*The data*
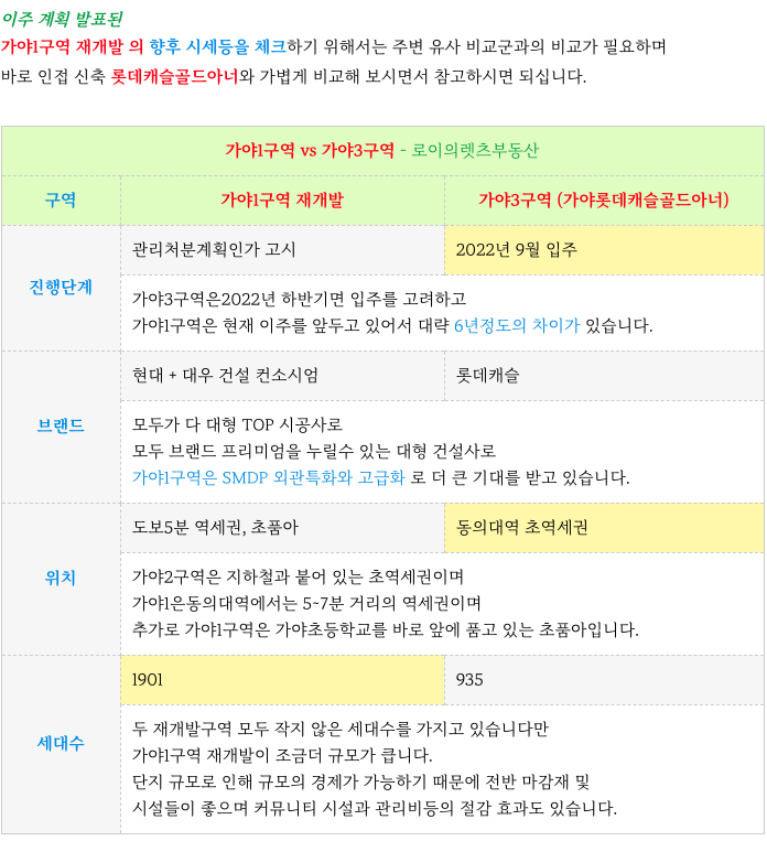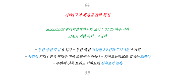 가야1구역 재개발 의 특징을 간략히 정리 해드립니다.
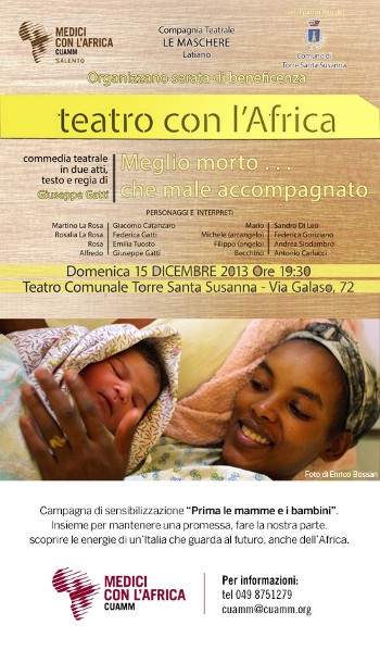 Teatro comunale di Torre Santa Susanna, - ad un anno dal precedente appuntamento- l’evento “Teatro con l’Africa”, organizzato per sensibilizzare alla campagna “Prima le mamme e i bambini” dall’associazione “Medici con l’Africa CUAMM Salento”.Con questo progetto si vuole continuare a garantire un parto sicuro alle mamme dell’Angola, Etiopia, Uganda e Tanzania, dove i tassi di mortalità materna sono tra i più alti del mondo.
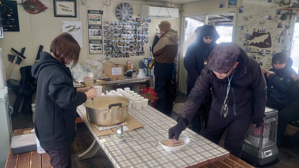 キッチンカーが来れなくなってしまったので、久々に五頭FPの炊き出しをやってみました。寒い中、温かいスープで皆さんに喜んで頂きました!
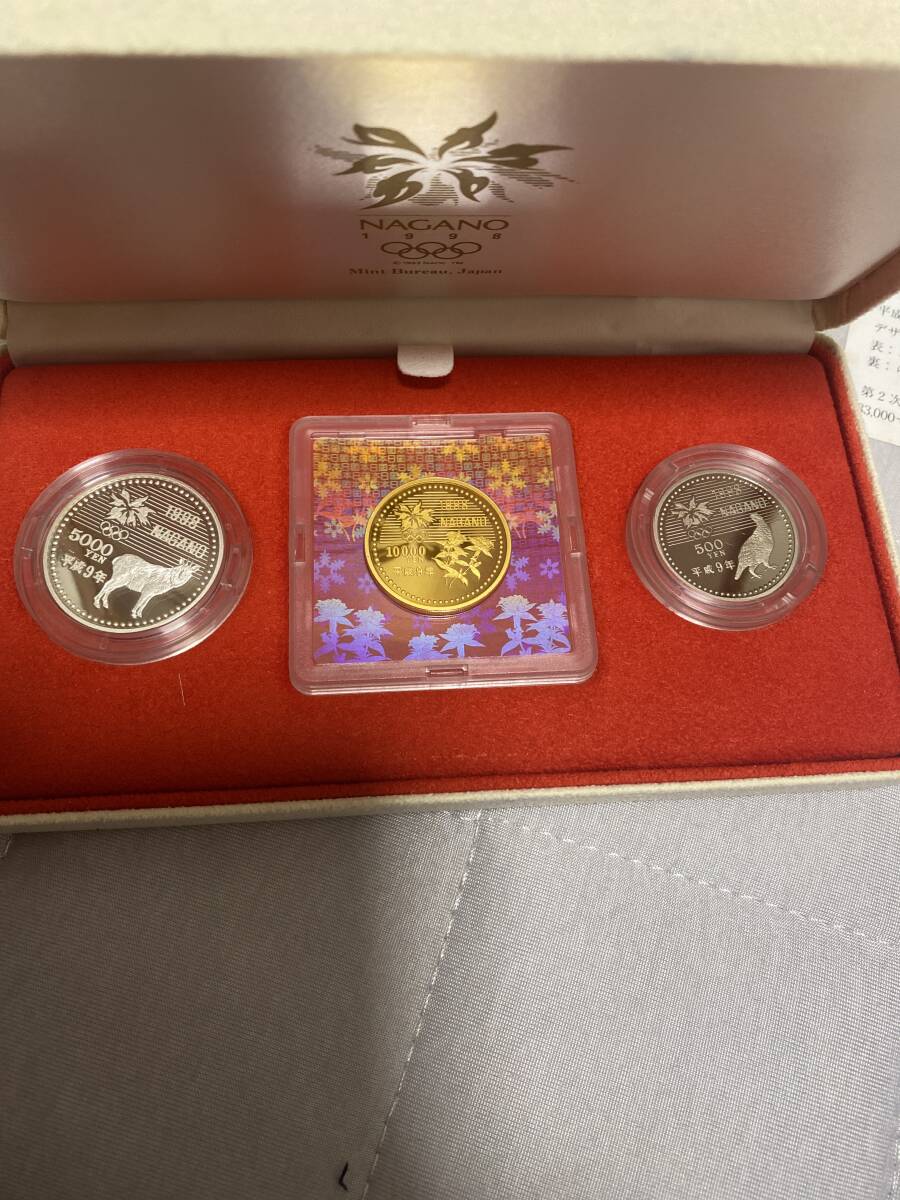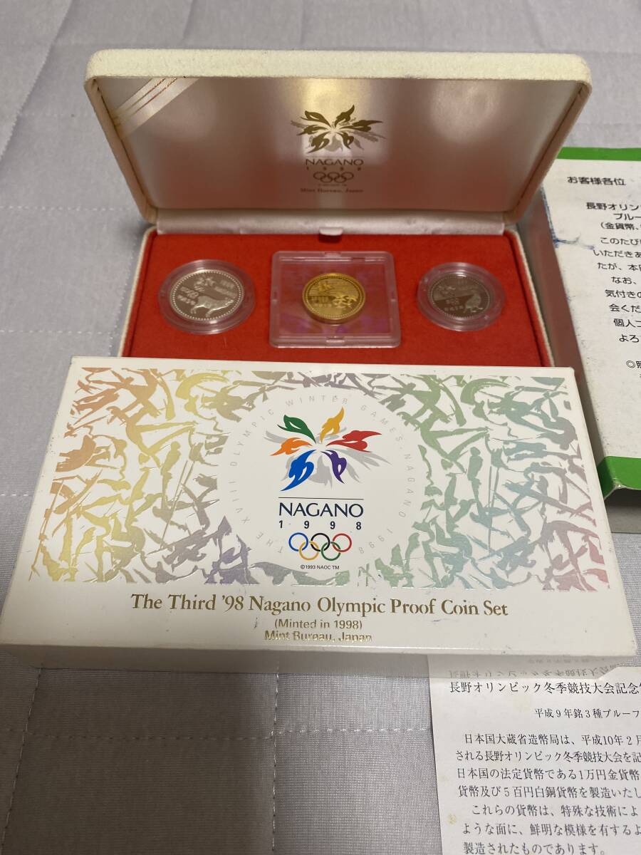 長野オリンピック冬季競技大会記念 プルーフ貨幣セット 1998 金貨幣、銀貨幣、白銅貨幣3点セットなります。
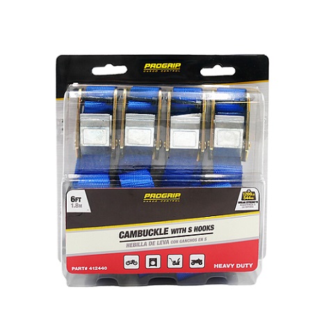 1,200ib Break Strength; 400lb Working Load Limit; 4pk; Blue Webbing; Cambuckle; S-Hooks
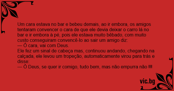 — Ô Deus, se quer ir comigo, tudo bem, mas não empurra não !!!
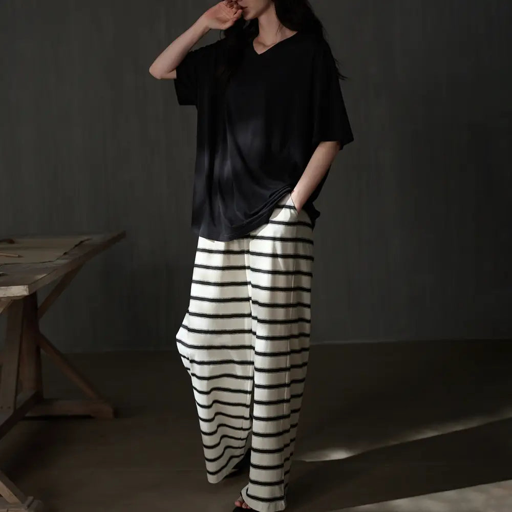 パジャマとホームウェア専門店へようこそ!日本のお客様に快適さとスタイリッシュさを兼ね備えたホームウェア体験をお届けすることを目指しています。ゆったりとした週末の朝、忙しい夜、どちらのシーンにもぴったりなパジャマシリーズは、洗練されたデザインで、最高の着心地を提供します。肌に優しく通気性のある素材を使用し、ファッション性のあるカットと温かみのある色合いを組み合わせることで、家でも優雅で快適な時間をお楽しみいただけます。
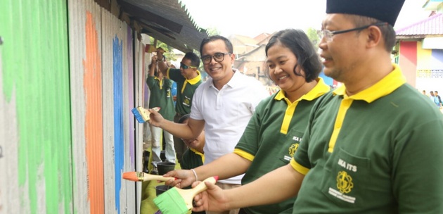 Bupati Anas melakukan pengecetan rumah di bantaran Kali Lo.
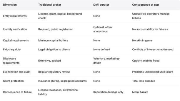 従来の銀行や証券会社は、顧客資金の運用において、資本要件、登録義務、受託者責任、そして規制当局の監視に直面します。一方、DeFiファンドマネージャーは市場インセンティブのみに基づいて業務を行います。これらのインセンティブは、リスク管理よりも資産の蓄積とリターンの最大化を優先します。
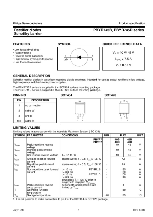Datasheet PBYR745BDSERIES3:
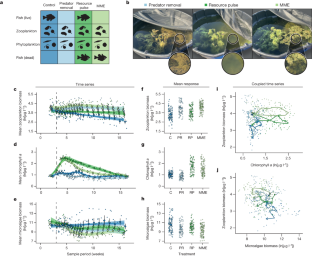 Chlorophyll-a (ln[μg/L], A-B), zooplankton biomass (ln[μg/L], C-D), and microalgae biomass (ln[μg/L], E-F) following predator mass mortality events (MMEs, light green), predator removals (light blue), and resource pulses (dark green), as well as the undisturbed system (control, dark blue). Points and lines indicate mean values and 95% CIs, with points jittered to reduce overlap. Raw data (A, C, E) were similar to smoothed data (B, D, F, as in Fig. 1f–h). Specifically, relative to the experimental control, predator removals decreased average chlorophyll-a (F1,14 = 5.50, p = 0.03; A), resource pulses increased average chlorophyll-a (F1,14 = 151.48, p < 0.01), and there was no significant interaction between predator removals and resource pulses (i.e., MMEs) on chlorophyll-a (F1,14 = 0.26, p = 0.62). Additionally, predator removals increased zooplankton biomass (F1,14 = 5.03, p = 0.04; C), but there was no effect of resource pulses on zooplankton biomass (F1,14 = 0.56, p = 0.47) nor was there a significant interaction between predator removals and resource pulses on zooplankton biomass (F1,14 = 0.07, p = 0.80). Lastly, there was strong evidence that predator removals reduced microalgae biomass (F1,14 = 4.16, p = 0.06; E), but there was no effect of resource pulses on microalgae biomass (F1,14 = 0.64, p = 0.43) nor was there a significant interaction between predator removals and resource pulses on microalgae biomass (F1,14 = 0.01, p = 0.94). Results for the analysis of the smoothed data are shown in the main text. Raw data were analysed from 391 biologically independent samples for a control (n = 106), predator removal (n = 88), resource pulse (n = 88), and MME (n = 109). Smoothed data were analysed from 355 biologically independent samples for a control (n = 96), predator removal (n = 80), resource pulse (n = 80), and MME (n = 99), from one experiment. Two-way, two-sided ANOVA (A-B).
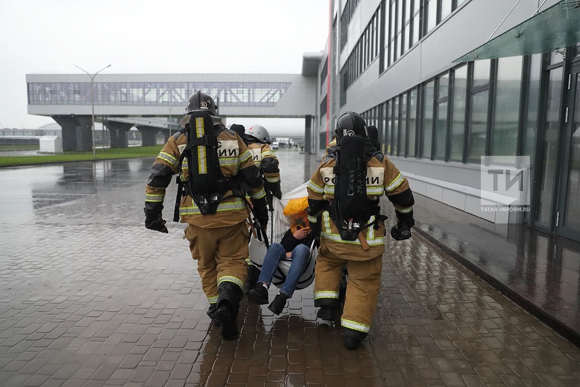 Чтобы потушить условное возгорание, сотрудники МЧС протянули к концертному залу пожарный рукав. Одновременно пожарные помогали потерявшимся в дыму посетителям выбраться из горящего помещения, а потерявших сознание выносили на носилках. Все это время у здания «Казань Экспо» дежурили бригады скорой помощи, которые принимали пострадавших.
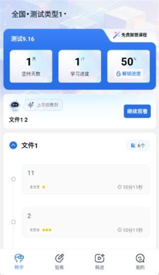 1、打开软件进入首页,可以观看各类不同的文件,而且了解具体的学习情况。
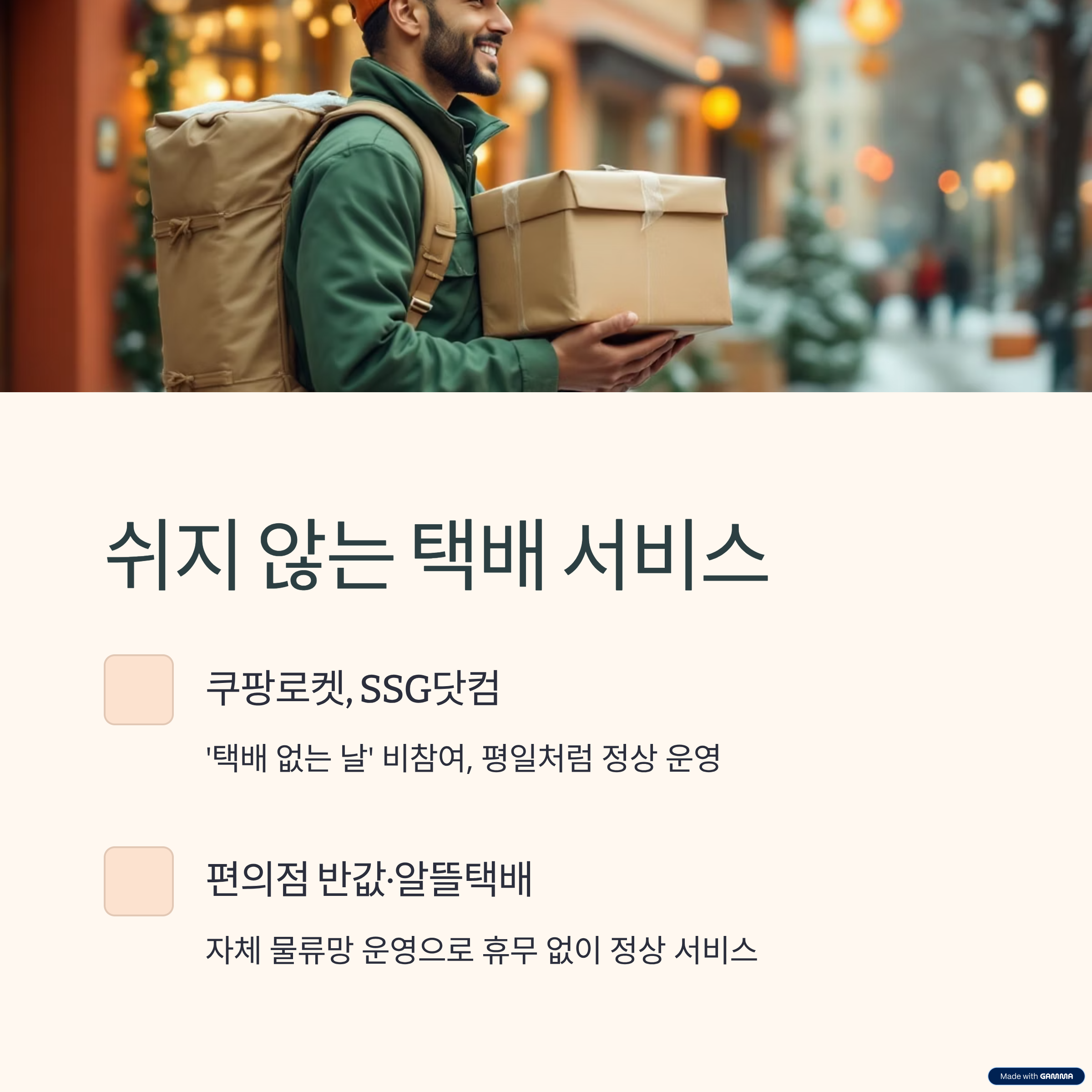 - 쿠팡·SSG·편의점 택배는 쉴 틈 없음, 그대로 ‘배송 OK’.
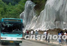 馳名中外的四川省九寨溝風(fēng)景旅游地今夏正在拓寬綠色環(huán)保觀光車的道路,路邊工作面被蒙上專用材料,一邊遮擋泥石,一邊培育綠草。修路宛如保護(hù)環(huán)境的行為藝術(shù)。中新社記者:賈國(guó)榮
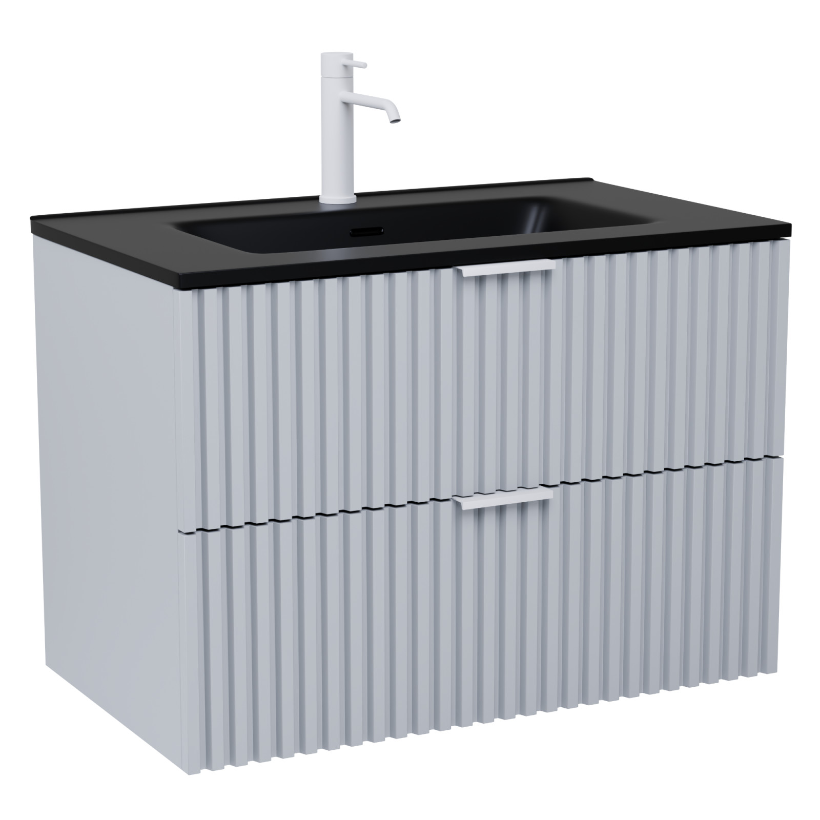 HD Ravello Fume Grey 80 fali mosdószekrény matt fehér fogantyúkkal és matt fekete slim mosdóval

*Task to carry out*
The answer must be the part of the records that opens with the line containing "長野オリンピック冬季競技大会記念 プルーフ貨幣セット 1998" and closes with the line containing "empurra não !!!", reproduced exactly, with no pictures.

*Your solution*
 長野オリンピック冬季競技大会記念 プルーフ貨幣セット 1998 金貨幣、銀貨幣、白銅貨幣3点セットなります。
 1,200ib Break Strength; 400lb Working Load Limit; 4pk; Blue Webbing; Cambuckle; S-Hooks
 — Ô Deus, se quer ir comigo, tudo bem, mas não empurra não !!!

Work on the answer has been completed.